Further, effective July 1, 1996, the day habilitation provider shall be
responsible for both transportation to and from the day habilitation service
setting and any other transportation during the day associated with day
habilitation service delivery.
(xi)
Professional services provided for the individual by qualified members of a
clinical discipline which are part of the development or implementation of an
individualized service plan and which are intended to enable the person and, as
appropriate, his or her family to cope with health care, emotional,
psychological, behavioral or programmatic issues. The purpose of the
professional service is to maintain or improve the person's health, safety or
level of functioning.
(xii)
Training, support and assistance in pursuing personal valued outcomes as stated
in the person's individualized service plan (ISP).
(xiii) Training, support and assistance in
self-advocacy and making informed choices.
(xiv) Training, support and assistance with
community inclusion and relationship building.
(xv) Day habilitation services shall include
services which:
(a) are necessary to meet the
needs of individuals while receiving day habilitation services; and
(b) prior to August 1, 2004 could have been
met by home health aide or personal care services separately billed to
Medicaid.
(3)
Hourly community habilitation services (CH) are similar in
scope to residential habilitation services and day habilitation services,
however, the focus of these services is directed towards service delivery
occurring largely in community (non-certified) settings to facilitate and
promote independence and community integration. (See section
635-10.5[ab] of
this Subpart for further requirements related to CH services.)

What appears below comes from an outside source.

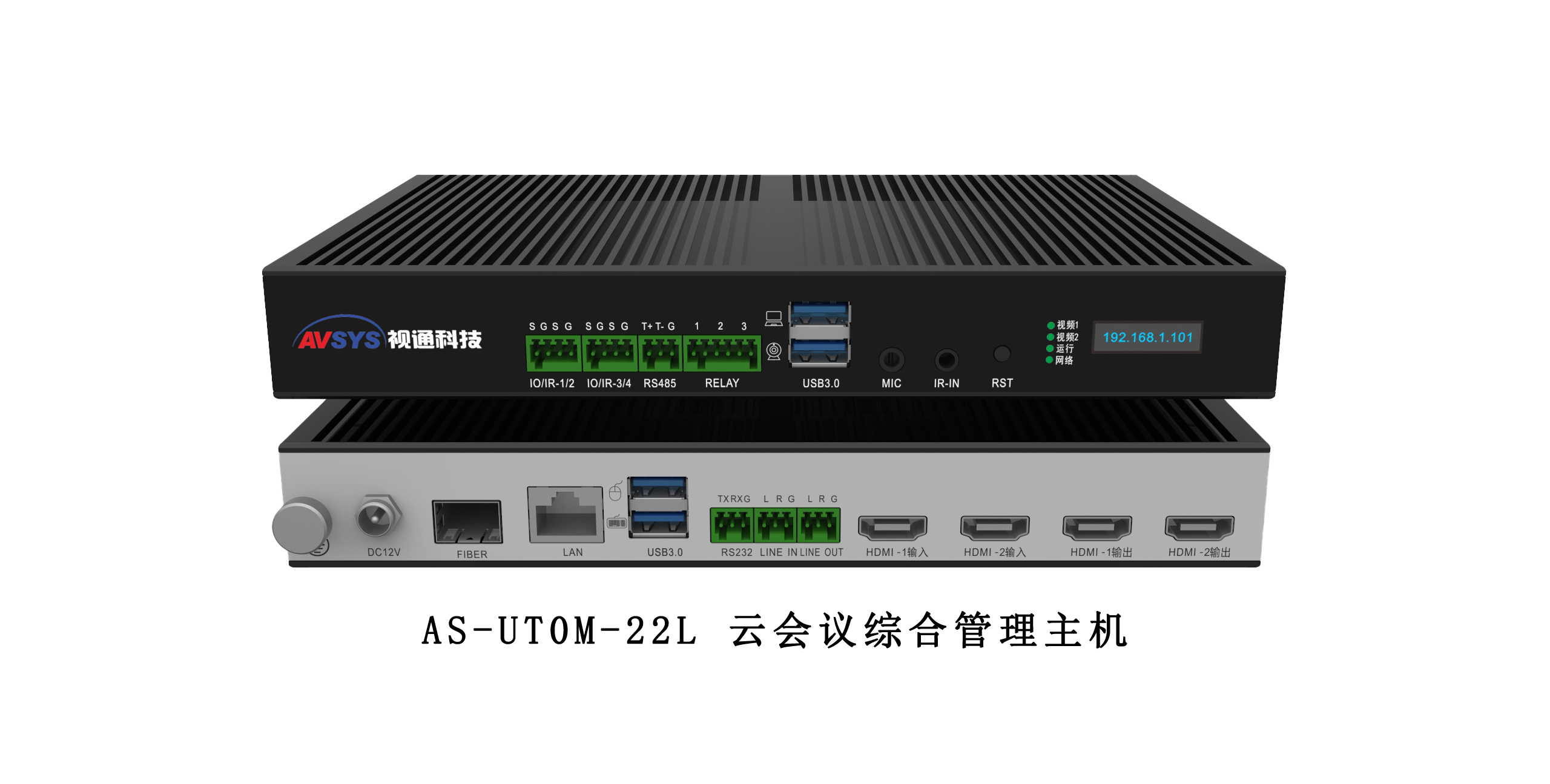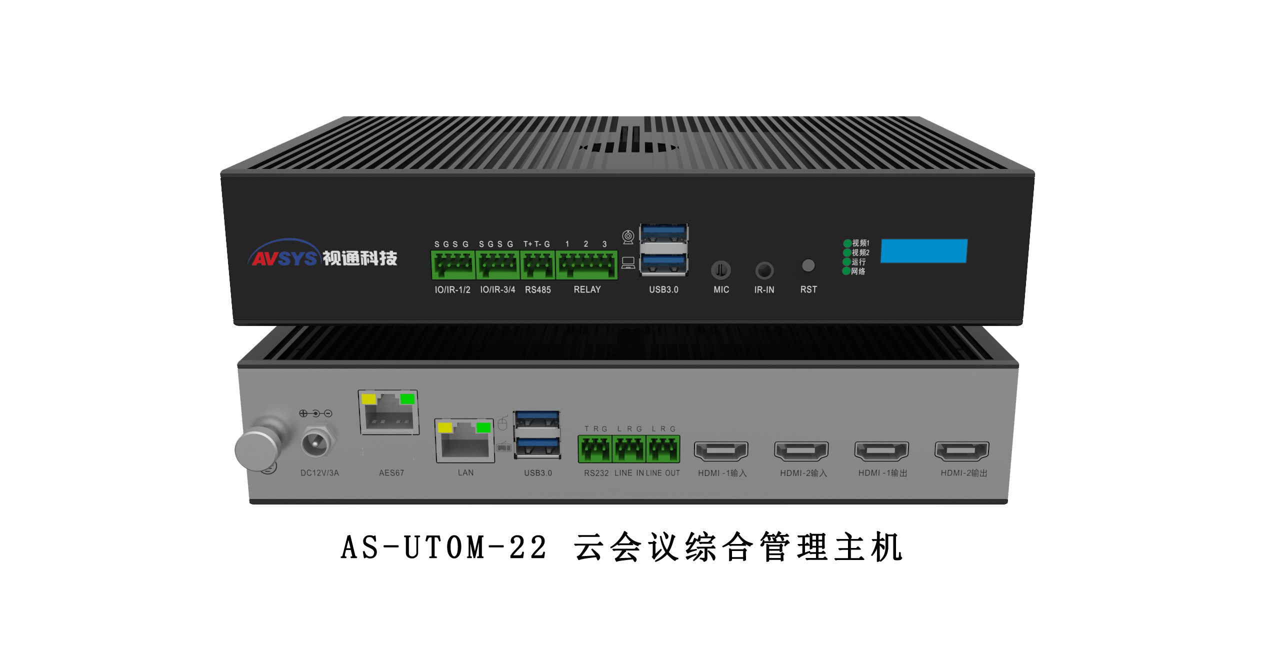 AS-UT0M-22 是一款多功能,支持本地视频切换、本地环境控制、远程音视频会议、互动培训、虚拟场景搭建以及视频录制功能的迷你型综合管理主机。同时设备具备UV/AC数据传输能力,可对接常见的音视频交互软件。主要应用于线上会议、网络教育以及电商等应用场景。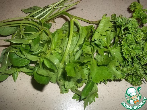 Нам понадобится пучок свежей зелени. Берем различную свежую зелень - петрушку, кориандр, лаврушку, сельдерей, базилик (только не укроп). Я обычно смешиваю 3 вида зелени - сегодня базилик, сельдерей и петрушка.

(i) Community habilitation services include
all of the types of services specified in paragraphs (1) and (2) of this
subdivision.
(ii) Allowable
activities include all of the allowable activities specified in subparagraphs
(1)(i)-(xiv) and (2)(i)-(xiv) of this subdivision.
(4)
Community habilitation phase II
(CH II) services were delivered between October 1, 2012 and September
30, 2013 and are no longer available. CH II services are similar in scope to
residential habilitation services and day habilitation services. Individuals
who receive CH II must be residents of supervised individual residential
alternatives or supervised community residences who are not receiving
residential habilitation or day habilitation services. (See section
635-10.5[ac] of
this Subpart for further requirements related to CH II services.)
(i) Community habilitation phase II services
include all of the types of services specified in paragraphs (1) and (2) of
this subdivision.
(ii) Allowable
activities include all of the allowable activities specified in subparagraphs
(1)(i)-(xv) and (2)(i)-(xv) of this subdivision.